Pixar Animation Studio’s partnership with Disney has created the highest grossing children’s movies around. Pixar was founded by George Lucas, Ed Catmull and John Lasseter in 1979 to take computer graphics and create a whole new way of experiencing feature-length family films. Joined By Steve jobs in 1986, Pixar was able to fund their first minor films such as Luxo Jr., Reds Dream, Tin Toy, and Knick Knack before partnering with Disney in 1991 to make a computer-generated animated movies. Disney-Pixar’s first real hit was Toy Story, released in 1995 made 30 million dollars,nearly breaking even their budget, and just under 362 million dollars worldwide.

In the popular documentary, Inside Pixar, John Lasseter tells the audience that it takes Pixar about 4 years to create an animated movie. Between Toy Story’s release in 1995 to 2009, Pixar has released “ten feature-length motion pictures: Toy Story, A Bug’s Life, Toy Story 2, Monsters Inc., Finding Nemo, The Incredible’s, Car’s, Ratatouille, WALL-E, and UP” according to, Is Pixar Out of Ideas? by Jason Bailey. Since then, 3 of the 4 films released were sequels to the previous movies such as Toy Story 3, Cars 2, and Monsters University. Rumor has it that Pixar will also be releasing a sequel to Finding Nemo called Finding Dory. The only original movie since then was Brave, which was not as popular as past movies.

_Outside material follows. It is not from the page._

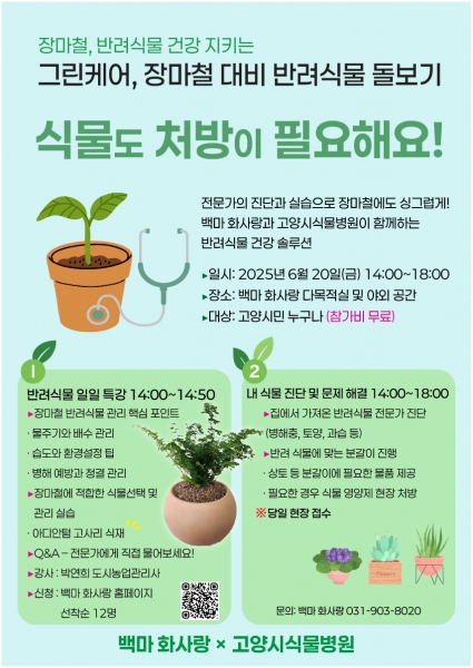 [금요저널] 고양특례시는 반려식물 돌봄을 배우고 직접 전문가의 진단까지 받을 수 있는 실속 있는 체험 행사인 ‘그린케어, 장마철 대비 반려식물 돌보기’를 오는 20일 오후 2시부터 6시까지 백마 화사랑 다목적실과 야외 공간에서 개최한다고 밝혔다.

Is it that Pixar is out of ideas? Disney strayed away from their classic cartoon look of Lion King or Snow White, and started making animated films like Princess and the Frog and Tangled which were released in 2009 and 2010. These movies have a similar animated look to those of Pixar, taking away the special style of those movies. Princess and the Frog and Tangled were also released right around the decline of Pixar. With Disney Animated Studio’s cranking out such popular movies, Pixar doesn’t stand a chance.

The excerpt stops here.